The samples presented by the given map layer can be filtered by using "Features filtering" options. It is a simplified version of the global filtering settings and it take effect only on the attribute displayed by the layer. This filtering setting is useful for example for creation of multiple heatmap, with each of them focusing on the distribution of a different haplogroup.

An example of attribute filtering was also covered here.

How to filter samples by regions

For now, the regions filtering option in the "Map management" sidebar and "Map filtering" section take effect only when the regions are displayed.

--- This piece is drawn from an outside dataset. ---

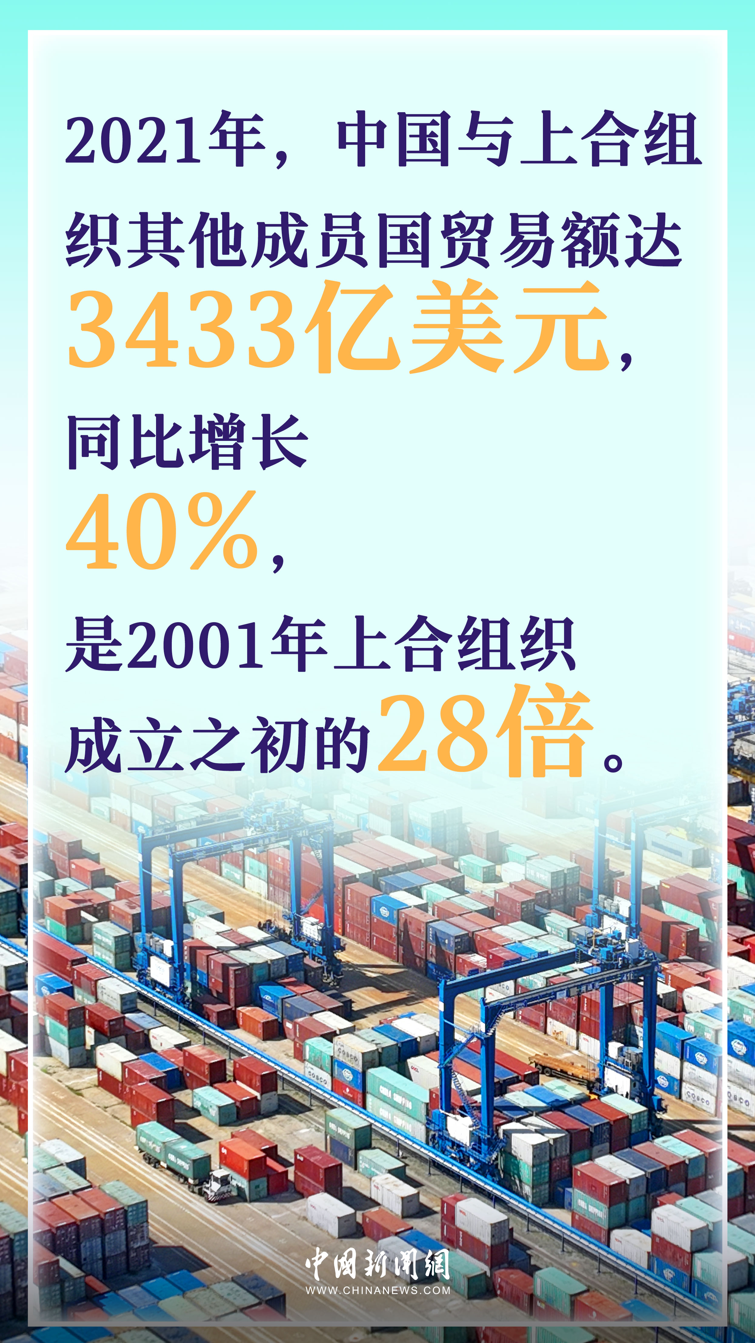 據(jù)統(tǒng)計(jì),2021年,上合組織成員國國內(nèi)生產(chǎn)總值總和約為23.3萬億美元,占全球GDP近四分之一,比成立之初擴(kuò)大了13倍多。其中,中國的作用也在日益凸顯,同年,中國與上合組織其他成員國貿(mào)易額達(dá)3433億美元,同比增長40%,是2001年上合組織成立之初的28倍。

The regions can be displayed only when clustering samples by regions. Therefore, to filter regions or filter samples by regions, you should first enable clutering set of regions. The different regions set filtering options are not combined - it means, that is not possible to filter samples both by archeological cultures regions and UN regions.

However, more advance options of filtering samples by regions are available through our query builder. There, you can choose to query for samples, that lay in the boundaries of many specific regions at the same time.